A tributação gananciosa, como é feita em nosso país, afeta tanto a competitividade internacional como impacta profundamente a economia interna. Se a população paga altíssimos impostos embutidos nos preços dos produtos, ela tem cada vez menos dinheiro para gastar e, é claro, vai comprar cada vez menos produtos e serviços, reduzindo consequentemente a produção, o que no fim da cadeia produtiva trava o crescimento do país. A conta não bate, a equação não fecha, mas ninguém está preocupado com isso.

Enquanto todos fecham os olhos e o Estado continua sangrando o setor produtivo, empresas precisam também investir em um planejamento tributário eficiente para diminuir os custos empresariais, mas sem deixar de pagar impostos. Alguém tem que ser contratado para fazer isso e lá se vão mais recursos aplicados para que a empresa possa apenas continuar existindo e pagando ao sócio Estado.

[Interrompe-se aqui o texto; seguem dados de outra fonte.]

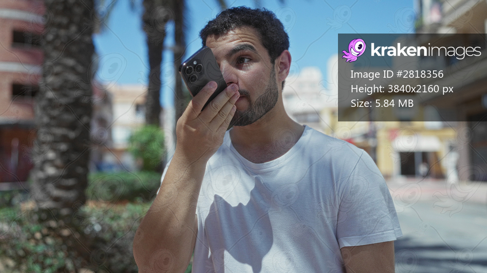 Young hispanic man holds smartphone to ear on a sunlit street lined with palm trees and storefronts; contemplation.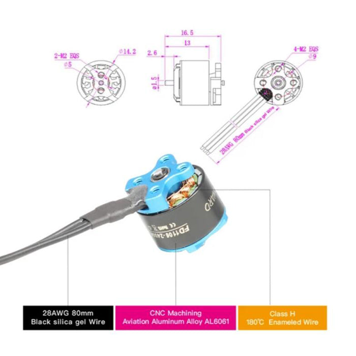 HGLRC FD1106 1106 2400KV 5-6S 1.5mm Shaft Brushless Motor for 2-3 Inch FPV Racing Drone

A propaganda, que sempre esteve na linha de frente dos efeitos da economia, tem que “se virar nos trinta”. O comércio, indústria e serviços, que precisam obrigatoriamente destinar verbas de propaganda adequadas para manter ou conquistar posições de mercado, também precisam fazer malabarismos, porque o Estado confisca metade de tudo que é produzido.

Será que vale a pena ser empresário no Brasil? O trabalho informal, como um carrinho que vende legumes pela rua, é muito mais fácil de administrar e, pensando bem, é capaz de ser mais lucrativo.